# Some New Stuff



## RIMSPOKE (Mar 23, 2016)

I HAVE BEEN BUSY MAKING ROOM FOR NEW STUFF UPSTAIRS .
A LOT OF JUNK AND SHELVING HAD TO GO TO MAKE ROOM BUT
THIS IS SO WORTH THE EFFORT , LIKE A DREAM COME TRUE .

I JUST GOT A 24" PEXTO FINGER BRAKE .
THIS ONE WAS MADE IN 1975 BUT LOOKS PRACTICALLY NEW .
WHAT A NICE MACHINE & WAY ABOVE AVERAGE .

MY ENCO 3 RATCHET PRESS CAME IN AND I HAVE IT MOUNTED ON
A MODIFIED PM MILL STAND . ALL LUBED UP & READY TO GO .

JUST IN YESTERDAY , A VERY NICE DI-ACRO #1 NOTCHER ! 

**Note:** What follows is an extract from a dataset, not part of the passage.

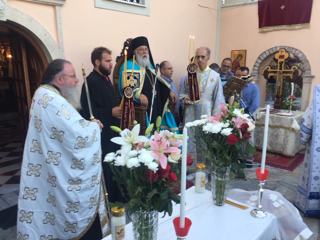 Στον Εσπερινό που τελέστηκε στο πανηγυρίζον Ιερό Ησυχαστήριο της Αγίας Παρασκευής Κοινοπιαστών Κέρκυρας χοροστάτησε ο Σεβασμιώτατος Μητροπολίτης Κερκύρας, Παξών και Διαποντίων Νήσων κ. Νεκτάριος.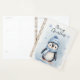 A charming winter illustration of an adorable little penguin wearing a blue striped hat and scarf, bringing a cozy and festive vibe. The soft snowflakes and gentle blue tones in the background create a magical winter atmosphere. Perfect for Christmas cards, posters, stickers, and seasonal crafts!

THESE WILL COMPLIMENT THE DI-ACRO 12" FINGER BRAKE w/ SPECIALTY TOOLING ,
DIACRO #1 BENDER AND BEVERLY Jr. THROATLESS SHEAR THAT I ALREADY HAD .


----------



## ch2co (Mar 23, 2016)

You're making' me feel real bad.

CHuck the grumpy old guy


----------



## NCjeeper (Mar 24, 2016)

Nice score on the pexto. I have been looking for a nice finger brake also. No such luck yet.


----------



## kvt (Mar 24, 2016)

Nice setup.   and it does look good.   I'm jealous


----------